TLS1.2 sekarang tersedia untuk apache, untuk menambahkan TLSs1.2 Anda hanya perlu menambahkan konfigurasi virtual host https Anda:
SSLProtocol -all +TLSv1.2
-all
menghapus protokol ssl lainnya (SSL 1,2,3 TLS1)
+TLSv1.2
menambahkan TLS 1.2
untuk lebih banyak kompatibilitas browser yang dapat Anda gunakan
SSLProtocol -all +TLSv1 +TLSv1.1 +TLSv1.2
omong-omong Anda dapat meningkatkan suite Cipher juga menggunakan:
SSLCipherSuite EECDH+AESGCM:EDH+AESGCM:AES256+EECDH:ECDHE-RSA-AES128-SHA:DHE-RSA-AES128-GCM-SHA256:AES256+EDH:ECDHE-RSA-AES256-GCM-SHA384:ECDHE-RSA-AES128-GCM-SHA256:DHE-RSA-AES256-GC$
Anda dapat menguji keamanan situs web https Anda dengan pemindai online seperti:
https://www.ssllabs.com/ssltest/index.html
Kompilasi apache dengan OpenSSL versi terbaru untuk mengaktifkan TLSv1.1 dan TLSv1.2
http://httpd.apache.org/docs/2.2/mod/mod_ssl.html#sslprotocol
sumber
Menurut changelog OpenSSL , dukungan untuk TLS 1.2 telah ditambahkan ke cabang pengembangan OpenSSL 1.0.1, tetapi versi ini belum dirilis. Mungkin beberapa perubahan juga akan diperlukan dalam kode mod_ssl untuk benar-benar mengaktifkan TLS 1.2 untuk Apache.

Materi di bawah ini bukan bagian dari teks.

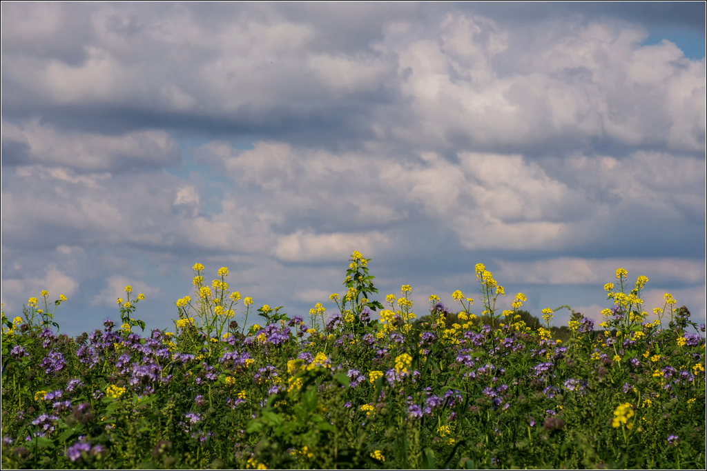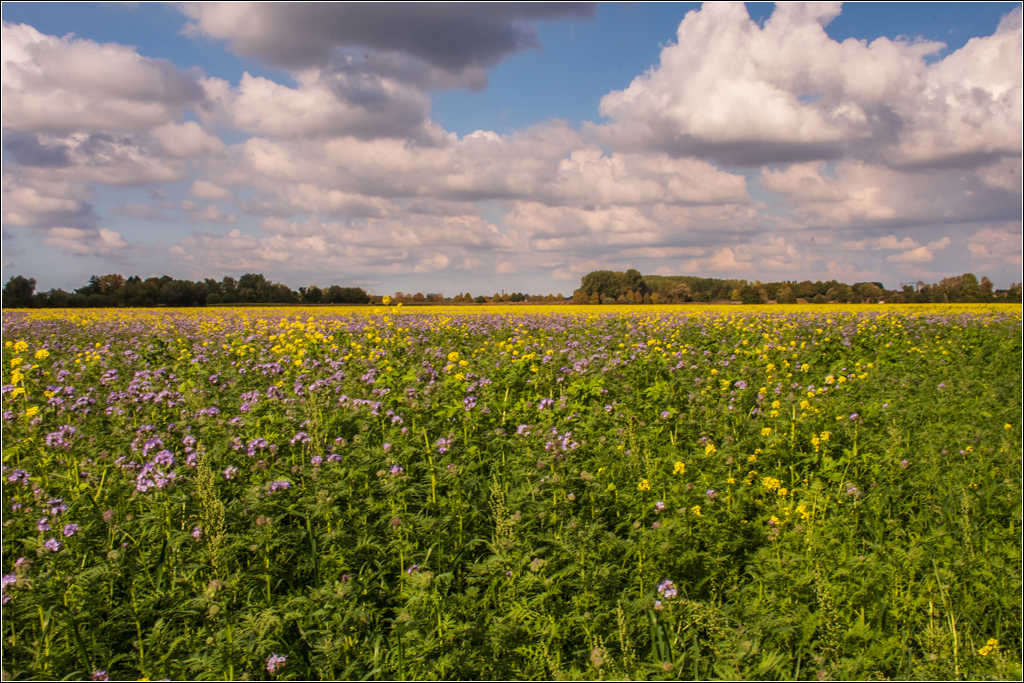 Een bont tapijt van paars en geel vult het veld — het bijenbrood en de veldmosterd bloeien uitbundig in de beginfase van de herfst. Tussen het gezoem van bijen en de geur van bloemen lijkt het een paradijs voor insecten, maar deze pracht heeft ook een doel. Later wordt dit veld ondergewerkt als groenbemester: de planten voeden de bodem en bereiden haar voor op een nieuw groeiseizoen. Schoonheid met een functie — natuur en landbouw hand in hand.

Pustaka SSL / TLS lain yang umum digunakan adalah NSS ; ini digunakan oleh mod_nss modul Apache yang kurang terkenal ; Sayangnya, rilis NSS saat ini juga tidak mendukung TLS 1.2.
Namun perpustakaan SSL / TLS lainnya adalah GnuTLS , dan perpustakaan itu berpura-pura mendukung TLS 1.2 yang sudah ada dalam rilisnya saat ini. Ada modul Apache menggunakan GnuTLS: mod_gnutls , yang juga mengklaim mendukung TLS 1.2. Namun, modul ini tampaknya agak baru, dan mungkin tidak terlalu stabil; Saya tidak pernah mencoba menggunakannya.
sumber
Anda tidak bisa, OpenSSL belum menawarkan rilis untuk TLS 1.1.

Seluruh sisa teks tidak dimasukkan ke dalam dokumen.